Wstałam ze swojego miękkiego łóżka i chwyciłam za swój czarny sweter, który wysiał na moim krześle obok biurka. Wyszłam z pokoju i poszłam do gabinetu Smileya. Gdy już dotarłam do brązowych drzwi gdzie było napisane Dr.Smiley zapukałam w nie. Po minucie drzwi się otworzyły. Stał w niech Smiley. Miał na sobie nałożoną białą maskę oraz białe rękawiczki. Ubranie jak i rękawiczki była całe we krwi. Za czrnowłosym widziałam na stole operacyjnym jakąś postać.
-Dobrze się bawisz- powiedziałam posyłając mu mały uśmiech
On na to się krótko zaśmiał i wpuścił mnie do środka. Od razu poczułam mocny zapach krwi. Nie przeszkadzało mi to. Ostatnio długo siedziałam nad oczami więc da się przyzwyczaić. Na stole leżał czarno włosy chłopak. Tak na oko dwudziestolatek. Był już martwy. Nie posiadał kilku organów.
Zerknęłam ukradkiem na Smileya, który był odwrócony do nie plecami, a potem z powrotem do tego gościa. Uśmiechnęłam się na moją myśl. Weszłam na stół aby usiąść na jego kroczu.
-Co ty robisz- powiedział Smiley odwrócony w moją stronę.
-Nie wiedziesz? Przystojniak z niego- Powiedziałam przejeżdżając rękoma po jego klatce piersiowej od góry do dołu
Smiley się na mnie spojrzał. Było widać w jego oczach zirytowanie ale nie okazywał tego- Czyli preferujesz trupy-
-Nie trup czy trup i tak można z nimi spać...i nie tylko-
Chwyciłam mężczyznę za koszulkę aby jego twarz zbliżyła się do mnie. Gdy miałam już pocałować jego martwe usta jego głowa została gwałtownie pociągnięta do tyłu co poskutkowało to oderwania jej od reszty ciała. Spojrzałam na Smileya, który trzymał głowę mężczyzny w ręce a potem rzucają ją gdzieś w kąt. Był zirytowany.

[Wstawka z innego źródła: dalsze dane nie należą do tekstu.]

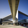 The multi-level scheme is contained beneath a curved floating roof, supported by slim columns at the perimeter edges. Passengers depart and arrive in a terminal building which offers generous spaces and views across the airport.
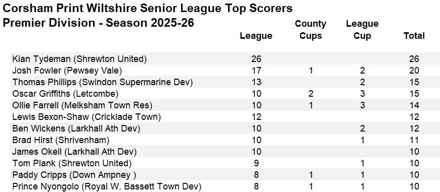 Pewsey Vale kept on the heels of Royal Wootton Bassett Town Development with a comfortable 6-2 home win over bottom of the table Calne Town Reserves. There were three more goals for Josh Fowler taking his total for the season to 20, James Guthrie scored from the penalty spot with the other two Pewsey Vale goals being scored by Connor Marsden and Kyle Bird. The win saw Pewsey remain two points behind Royal Wootton Bassett having played one game less and three points behind Melksham Town Reserves having played the same number of games as Melksham. Calne meanwhile are looking in relegation trouble but have a run of games either side of Christmas against sides in and around the bottom end of the table which could well decide whether they are going to get themselves out of trouble or not.
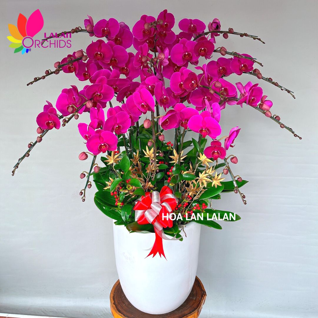 Chậu lan hồ điệp tím mừng khai trương được ghép từ 15 cành hoa lan chất lượng loại A với đặc điểm bông to, cành dài, siêu bền, được các nghệ nhân của Hoa lan Lalan ghép xen kẽ một cách hài hòa, nghệ thuật tạo nên chậu hoa lan đẹp sang trọng, quý phái và tinh tế.
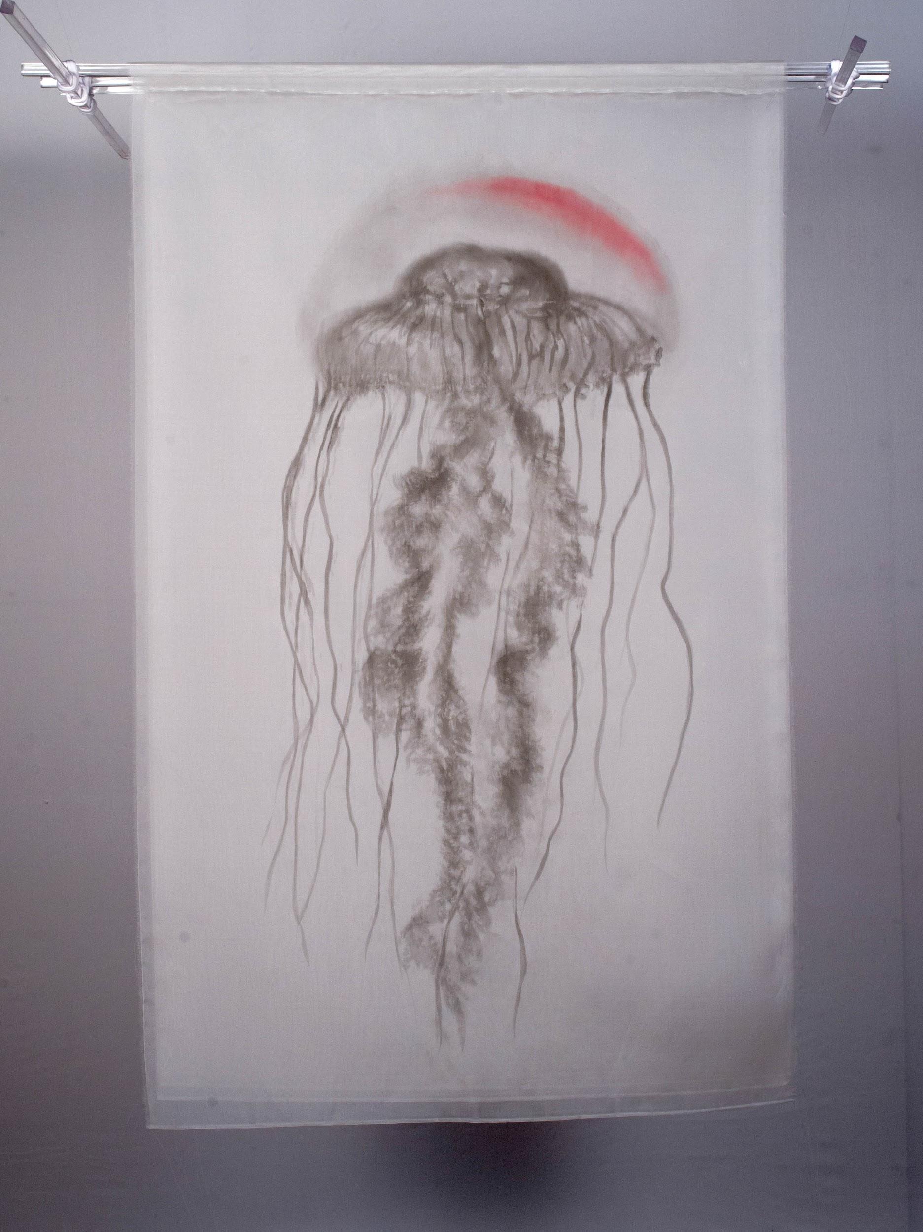 © 菊池あをみ, 漂浮, 2016, 三层丝绸, 墨水, 酸性染料, 101.5 × 66 cm

-A był taki seksowny- westchnęłam z udawanym smutkiem zrzucając ciało na podłogę
Smiley podszedł do mnie szybki krokiem. Złapał mnie za moje nogi i przybliżył mnie do siebie. Teraz siedziałam na krawędzi łóżka operacyjnego.
Przybliżył do mnie swoją twarz- Myślałem, że przyszłaś tu wyznać mi miłość, a nie droczyć się ze mną-
-Nie podoba ci się to?- spytałam się z udawanym zdziwieniem
On na to się krótko zaśmiał- Powiedziałaś, że nie trup czy trup i tak można z nimi spać więc...-
-Więc na co czekasz- przerwałam mu posyłając mu uśmiech
On na mnie spojrzał się zaskoczony, lecz potem zmieniło się to na wzrok z pożądaniem. Jego uśmiech się rozszerzył, a na jego policzkach pojawił się rumieńce.
Nasze usta się połączyły tworząc długi pocałunek. Potem się to zmieniło na szybsze i mocniejsze pocałunki. Jakby dwa lwy walczyły o jedzenie. To było coś innego niż za pierwszy razem. Przy pierwszym razie poczułam coś czasem, ale teraz czuje to cały czas i mocnej.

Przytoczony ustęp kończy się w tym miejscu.